Fetching Values from Parameter Store

My preferred approach is to avoid as many manual and non-code steps as possible. Ideally, my project should also be deployable no matter where the serverless deploy command is executed. For example, I like being able to do deployments locally, from time to time, without needing to look up and set up these variables on my machine, especially for debugging purposes.

This is why I opt to use AWS Systems Manager Parameter Store to store my configuration data, which can be used to fetch any values needed at the time of each serverless deploy.

These two benefits of automation and the ability to run commands deployments from anywhere come from the following serverless.yml configuration:

...
provider:
  name: aws
  vpc:
    securityGroupIds:
      - ${ssm(aws:region):/${opt:stage}-serverless-security-group}
    subnetIds:
      - ${ssm(aws:region):/${opt:stage}-vpc-subnet-1}
...

With this setup, the security group ID and subnet ID values are fetched from the AWS storage for each deployment and are always guaranteed to be the latest and correct value. For VPC configuration, it is feasible that an administrator would like to move workloads between subnets or amend security groups from time to time and update the Parameter Store values, so subsequent serverless deployments simply work without any other intervention.

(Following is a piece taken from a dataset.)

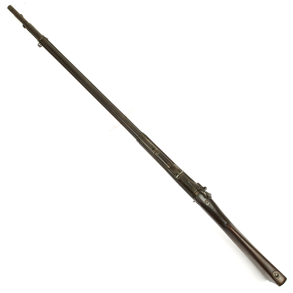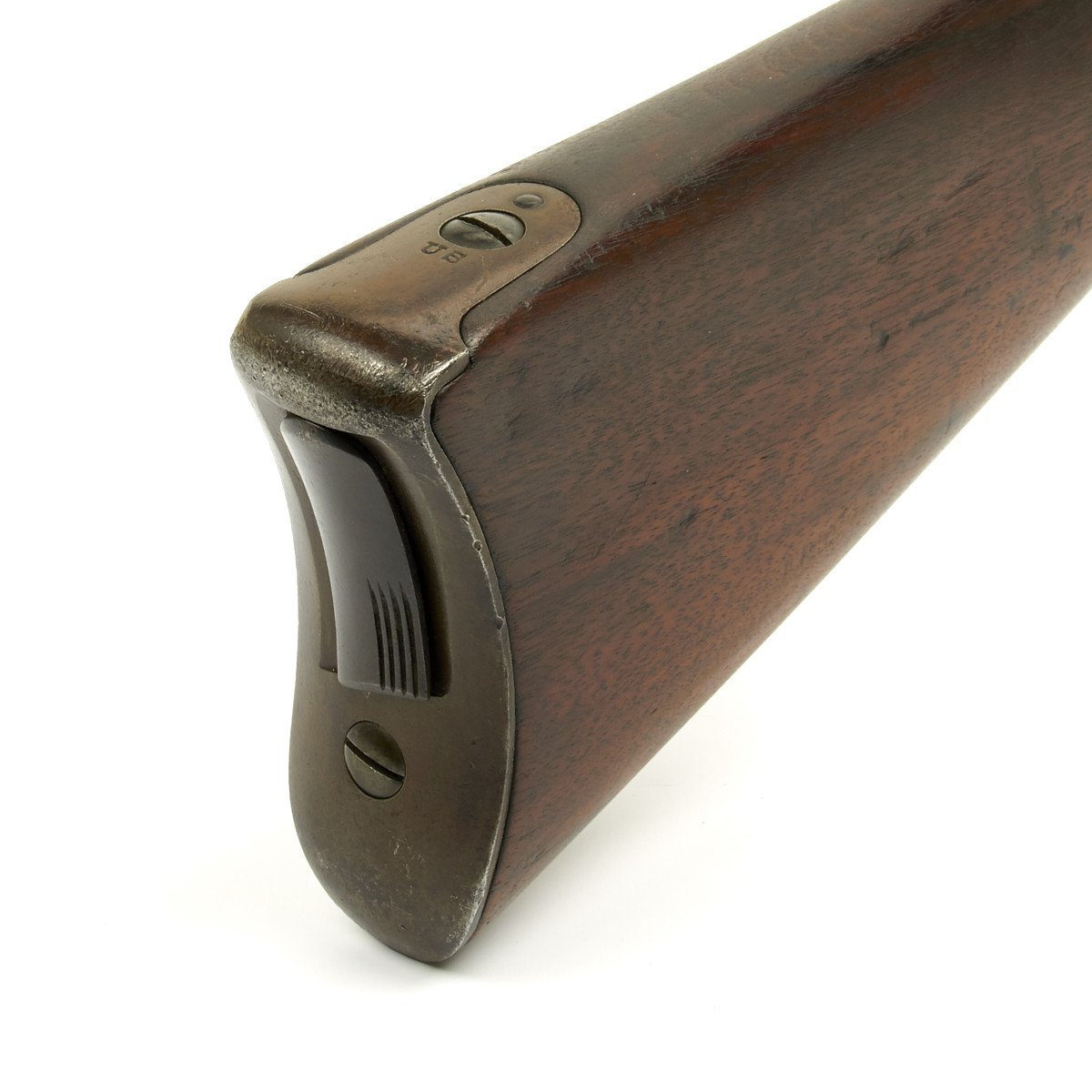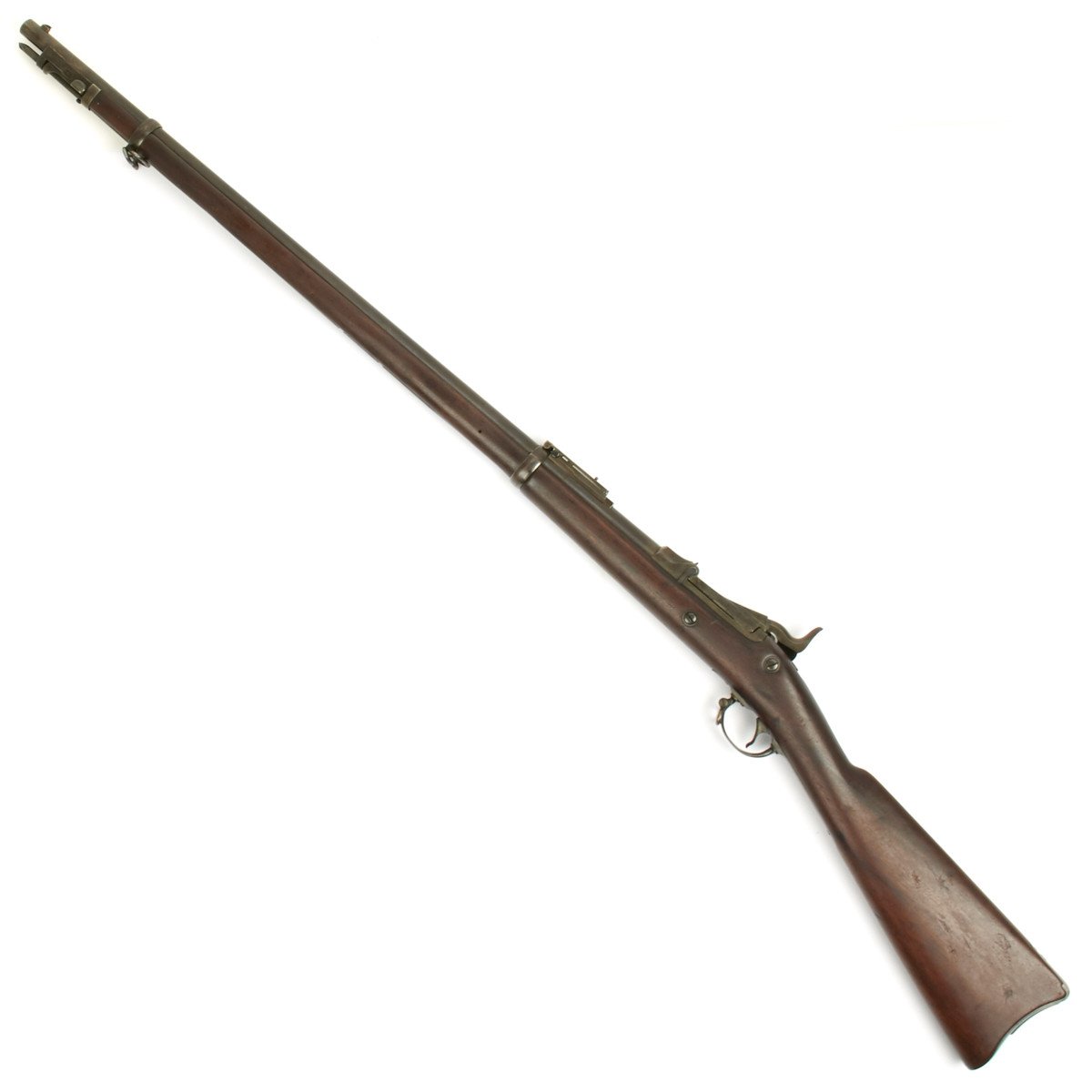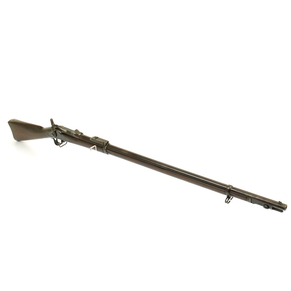 The butt plate is marked U.S. and both barrel bands are "U" marked. The rifle features an excellent un-sanded stock. Center fire breechloader, .45 cal., two bands, two sling swivels, Buffington sight, sliding ramrod bayonet. Lock is marked with an eagle and "US SPRINGFIELD" manufactured by Springfield Armory, Springfield Massachusetts. Breechblock is marked US Model 1884.

Note: The aws:region is provided by the framework, and the stage is interpolated to allow for a different value per environment to be fetched from AWS.

Automation with Terraform

When Terraform creates networking, infrastructure and other resources, we should extend the Terraform project to add the relevant outputs into Parameter Store using the aws_ssm_parameter resource, as shown in the following example:

module "vpc" {
  source = "terraform-aws-modules/vpc/aws"
  # various configuration options
}

resource "aws_security_group" "serverless-sg" {
  name   = "serverless-sg"
  vpc_id = module.vpc.vpc_id
  # various configuration options
}

resource "aws_ssm_parameter" "vpc-subnet-1" {
  name  = "dev-vpc-subnet-1"
  type  = "String"
  value = module.vpc.private_subnets[0]
}

resource "aws_ssm_parameter" "serverless-security-group" {
  depends_on = [aws_security_group.serverless-sg]
  name       = "dev-serverless-security-group"
  type       = "String"
  value      = aws_security_group.serverless-sg.id
}

This structure ensures any terraform apply saves the required information directly into the AWS backend for our serverless availability and usage.

Considerations

This convention to store configuration in the Parameter Store is best applied when:

  1. Multiple serverless projects use the same information (e.g. VPC configuration, database connection strings, etc.)
  2. The configuration values could feasibly change in the future, and you want to avoid the manual and tedious effort to apply value updates to your deployment users and systems.
  3. You are not storing secrets this way. Instead, secrets should be fetched using AWS SSM or similar technologies at runtime.

Other noteworthy comments:

  1. The cost for fetching data from AWS per deployment should be negligible
  2. A good convention is to prefix configuration with the environment name
  3. The deployment user will need the appropriate permissions to fetch values from AWS Parameter Store. A good convention could be to allow certain users access to all dev* parameters but not to live* parameters, depending on your organisation
  4. It is possible to save a StringList to the Parameter Store rather than multiple, individual values for arrays

You will thank yourself for fetching configuration this way at any organisation with even a tiny number of serverless applications to manage.